Mournful songs and prayers rose above the ruins in Haiti overnight as darkness drew a veil over the rows of corpses in the quake-hit capital.
Small groups gathered around the city just after midnight yesterday, singing and praying in their hour of despair.
Earlier, at twilight, exhausted rescuers had been digging without respite, clawing with bare hands in a desperate race against time to free those trapped under tons of twisted concrete after Tuesday’s 7.0 magnitude quake.
PHOTO: AFP
There are fears the death toll could top 100,000.
A baby cried, its wails echoing across the rubble as a group of men worked silently to reach it. Suddenly the earth shook again with one of dozens of aftershocks, and the rescuers scattered in panic.
All except Jeanwell Antoine who held the baby’s arm and calmly sought to comfort it.
PHOTO: EPA
“It is not me who is pushing back this earth. It is the hand of God, who loves life and is guiding me so I can save this baby,” he said.
Such scenes were repeated across the devastated city of more than 2 million people as, more than 24 hours after the massive quake struck, foreign aid and heavy lifting equipment had only just begun to arrive.
In the ruins of homes, many lay dead, frozen in their last moments before the earth convulsed: a couple struck down as they slept; lifeless young girls covered in dust; women with clothing ripped to shreds and charred bodies in cars. Some corpses released from the ruins were laid out on the roads, many covered in sheets, in a tragic display that reduced passers-by to tears.
PHOTO: AP/MONTREAL LA PRESSE.
“Help me! My husband is still trapped in here. Please help me, I know he’s alive,” one woman sobbed.
In the dark of night, hundreds ran in panic out of a Port-au-Prince park toward higher ground after a rumor that a tsunami was racing toward the city. A preacher warned in Creole that the world was coming to an end.
In Saint Honore Street, a man was trapped by the wreckage of a car, standing up but unable to free his foot for the past 24 hours as his helpless friends and family looked on. He seemed to show signs of internal bleeding.
“He will die before we can get him out,” a sociology student named Wilson said softly.
Disoriented, dazed survivors wandered the streets, not knowing which way to turn, while others tried to help those still trapped.
There were no diggers, no ambulances, not a fire engine to be seen.
“We urgently need international assistance,” Haitian Prime Minister Jean-Max Bellerive said, telling CNN he believed the death toll could reach 100,000.
Hospitals, many of them collapsed or damaged, struggled to cope with a flow of wounded as power, water and medical supplies dwindled.

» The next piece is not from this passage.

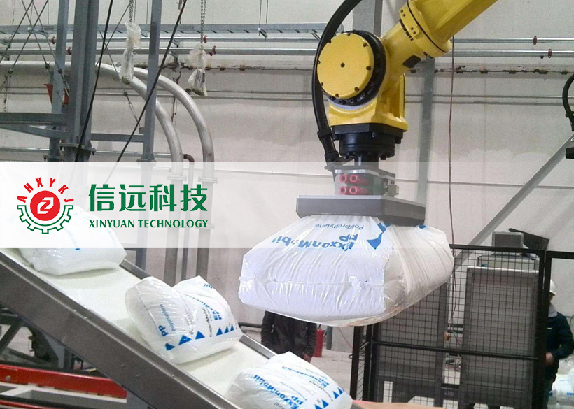 信遠(yuǎn)科技新一代全自動破包機,支持前端配套連接拆垛機器人進行無人化作業(yè)。拆垛機器人通過模仿人手和手臂的動作功能,按照設(shè)置的程序來抓取搬運待拆的包裝袋,可以對不同袋裝堆垛進行拆垛工作,處理速度快。拆垛機器人和自動破包機組合而成的全自動拆垛破包一體化生產(chǎn)設(shè)備,將幫助用戶在安全場景下,實現(xiàn)更加快速的生產(chǎn)作業(yè)。

As the morgues began to overflow, there were fears that disease could break out in the sticky tropical climate if corpses were left to fester.
“We need help. The hospital is full, we are lacking in everything,” said one woman on a radio station, stressing wounded were lying next to the dead.
“All the morgues are full, the hospitals are overflowing, there is not enough medicine,” Haitian President Rene Preval said.
Rody Baptista slumped in a chair at the ruins of his home, refusing to seek shelter until he could release the bodies of two of his children from the rubble.
“What has this country done to deserve such misfortune?” the 80-year-old said.
Yards away women were singing and clapping, the tuneful sounds piercing the evening hush.